Bodies warn against US-style internal control

Profession and industry responds to Turnbull guidance, with principles-based approach heralded as the way forward.

The first consultation phase of the review into Turnbull’s guidance on internal control has just concluded. Here are some of the views over what direction any revised recommendations should follow.

ACCA
‘Turnbull’s principles-based approach has been more successful than the prescriptive line we have seen from the US via Sarbanes-Oxley,’ said ACCA chief executive Allen Blewitt.

‘We believe that the FRC review must retain a broad spectrum of internal controls, as opposed to Sarbox’s sole focus on matters which affect external financial reporting. But boards must not become too risk-averse ? risk management should be about seizing opportunities presented by the unexpected, as well as managing the downside.’

Blewitt added that market pressure will deliver more meaningful disclosures on internal controls than the suggested assertions of effectiveness, with the soon-to-be-introduced operating and financial review suggested as the ideal place for such disclosure.

CIMA
Charles Tilley, chief executive at CIMA, said that ‘the current approach of a high-level principles and risk-based approach is the correct one’ and that the report ‘should cover all controls, not just the financial ones’, but that there were several ‘practical issues’ surrounding public reporting of the controls.

ICAEW
Sir Hugh Collum, chairman of the Institute’s corporate governance committee, argued that should the board’s private assessment be made public; ‘there would inevitably be calls for this to be audited, leading to substantial additional costs’. It could also undermine the trust that underpins the capital market system, he said.

Sir Hugh thought that the current Turnbull guidance’s principles-based approach had been largely successful, leading to more meaningful and thorough consideration of risk at the board level.

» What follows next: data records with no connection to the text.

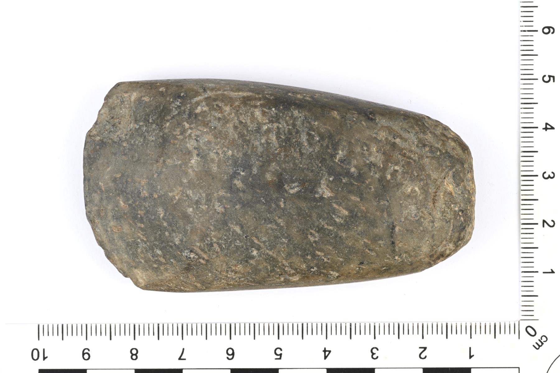 | Lähes kauttaaltaan hiottu kivikirves. Teränsuu on epäsymmetrinen. Kannassa on raakatyöstön jälkiä. Vrt. Luho kuva 83. | |
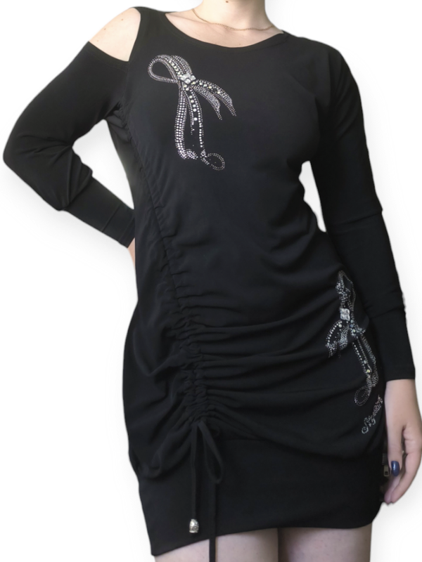 Короткое платье женское с затяжкой сбоку и открытым плечом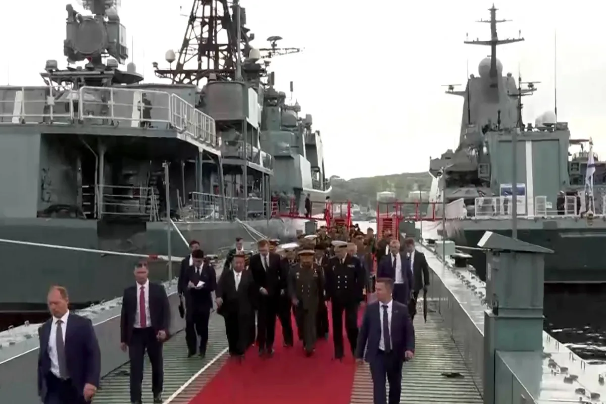 وأعلن بوتين خلال الزيارة المستمرة أن حليفه زعيم كوريا الشمالية سيحضر في فلاديفوستوك «عرضاً» لأسطول المحيط الهادئ الروسي. وفي هذه المدينة الكبيرة الواقعة في أقصى روسيا قرب الحدود مع الصين وكوريا الشمالية، صعد كيم إلى السفينة الحربية الروسية «مارشال شابوشنيكوف»، حيث كان في استقباله قائد الفرقاطة. وكان أيضاً على متن السفينة القائد العام للأسطول الروسي نيكولاي يفمينوف الذي شرح للزعيم الكوري الشمالي خصائص السفينة والأسلحة المضادة للغواصات وهي «قاذفات طوربيد رباعية وقاذفات صواريخ RBU - 6000»، بحسب وكالة «تاس».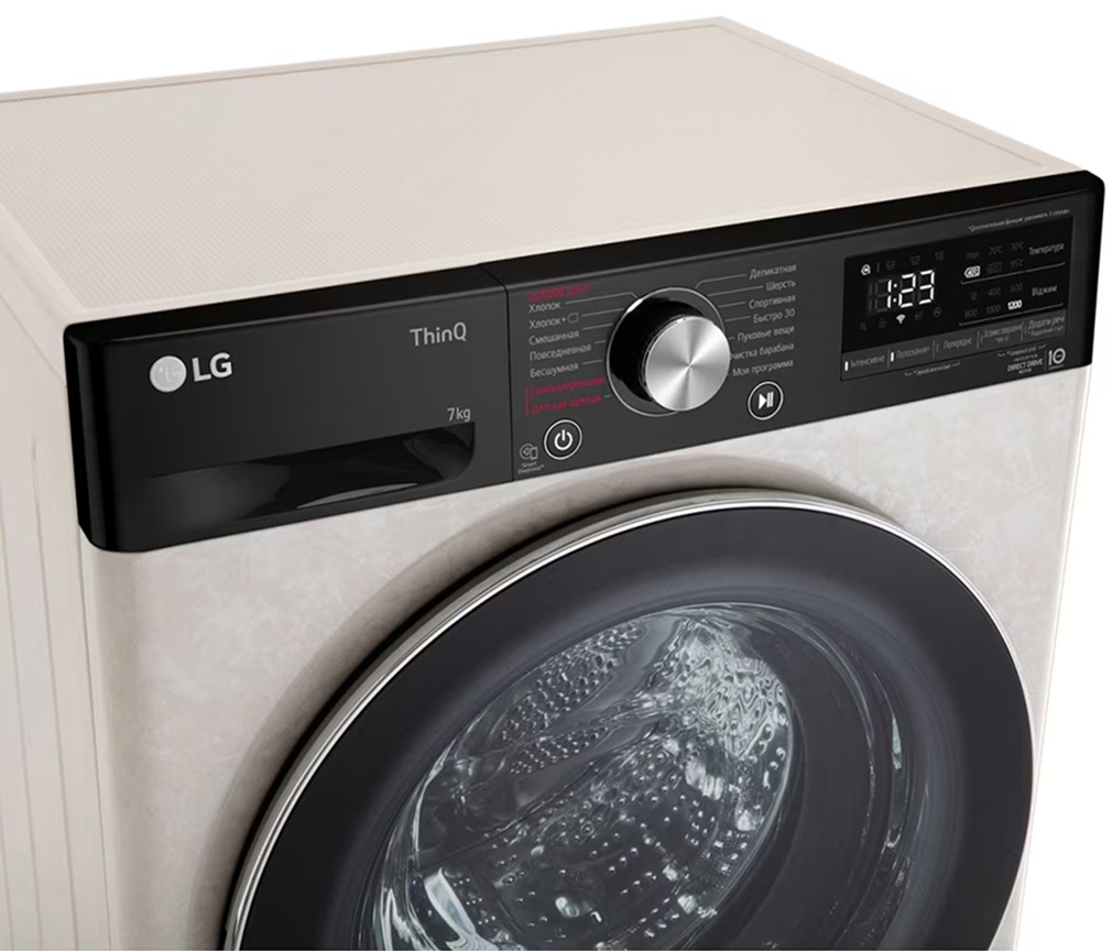 Цвет этой стиральной машинки — бежевый. Мотор: Инверторный. Благодаря ему машина работает тише, потребляет меньше электроэнергии, сохраняя при этом необходимую мощность.

He said the ICAEW would also resist any move to limit the scope of focus to just financial controls as this ‘would not take into account the full diversity of risks companies face’.

ABI
A submission from the Association of British Insurers said that ‘we would not support the indiscriminate import of overseas requirements’. It raised particular objection to any move towards a Sarbanes-Oxley style framework. It was, however, more receptive to the idea of public statements on effectiveness of controls.

While it understood reservations on the subject, it believed that ‘the opportunity for engagement with shareholders – which should follow from discursive discussion of risks and how they are managed – should itself contribute to good management of risk and improved confidence’.